Data Depot Migration FAQ
The following are highlights and answers to frequently asked questions about the Data Depot Hardware Replacement and Migration.
My Data Depot space is so slow after the migration!
UPDATE: August 18, 2021: In the past few weeks we have received a number of reports about decreased performance, slow access and frequent disconnects when working with migrated Data Depot spaces (both on the clusters and via mapped network drives on personal computers). We would like to provide an update and status report on the issue.

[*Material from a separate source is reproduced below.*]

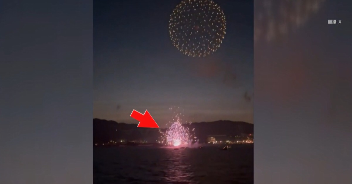 絢爛的煙火點亮夜空,但突然有一束火花在地面炸開來,拍攝民眾意外驚呼,也有人以為只是設計好的橋段。

The root cause for this problem has been identified as a subpar performance of the metadata subsystem in the new Depot, causing many metadata lookup operations to time-out or retry. Per the vendor recommendation, an order for additional SSDs for the metadata subsystem was placed more than a month ago. Unfortunately, the global semiconductor shortage has gotten in the way, and the vendor is currently unable to procure the necessary drives and unable to fulfill the order. We are not alone in this sad state, with several large projects in peer organizations waiting on their vendors for flash storage tiers. We are in active discussion with the vendor for alternative procurement sources and options.
In addition, the vendor is actively troubleshooting the frequent disconnects our network drive users had reported. We believe we are approaching a solution to this issue (within the confines of the overarching metadata issue).
While this may not be suitable for every workflow, we highly recommend Globus for large scale data transfers to/from Data Depot with added reliability and resilience. Please see the Globus section of the user guide for more details on Globus transfers. Cluster users may additionally benefit from shifting bulk of their intermediate processing from Data Depot to much more performant cluster scratch filesystems (and copying final results back to Depot at the end of processing). Please reach out to us if you would like to discuss your lab data workflows and brainstorm possible enhancements to them.
We greatly appreciate your patience and understanding during this transition period. Migration of 2.5 PB while live is not an easy feat. Things will get better, but we still have a bit of rough seas in front of us at the moment. Please contact email@example.com if you have any questions or concerns.
UPDATE: July 6, 2021: The background scan task that was severely affecting Data Depot performance during the past couple weeks has completed successfully over the weekend of July 4th. Data Depot responsiveness and performance are back to normal now. Please let us know if you still see any abnormalities.
ORIGINAL: June 26, 2021: As of June 21 we have received a number of reports about decreased performance and slow access to migrated Data Depot spaces. This is a known issue caused by a high load from a background filesystem scanning task. The task must be let running to completion as part of the hardware migration process to re-confirm integrity and correctness of all transfers.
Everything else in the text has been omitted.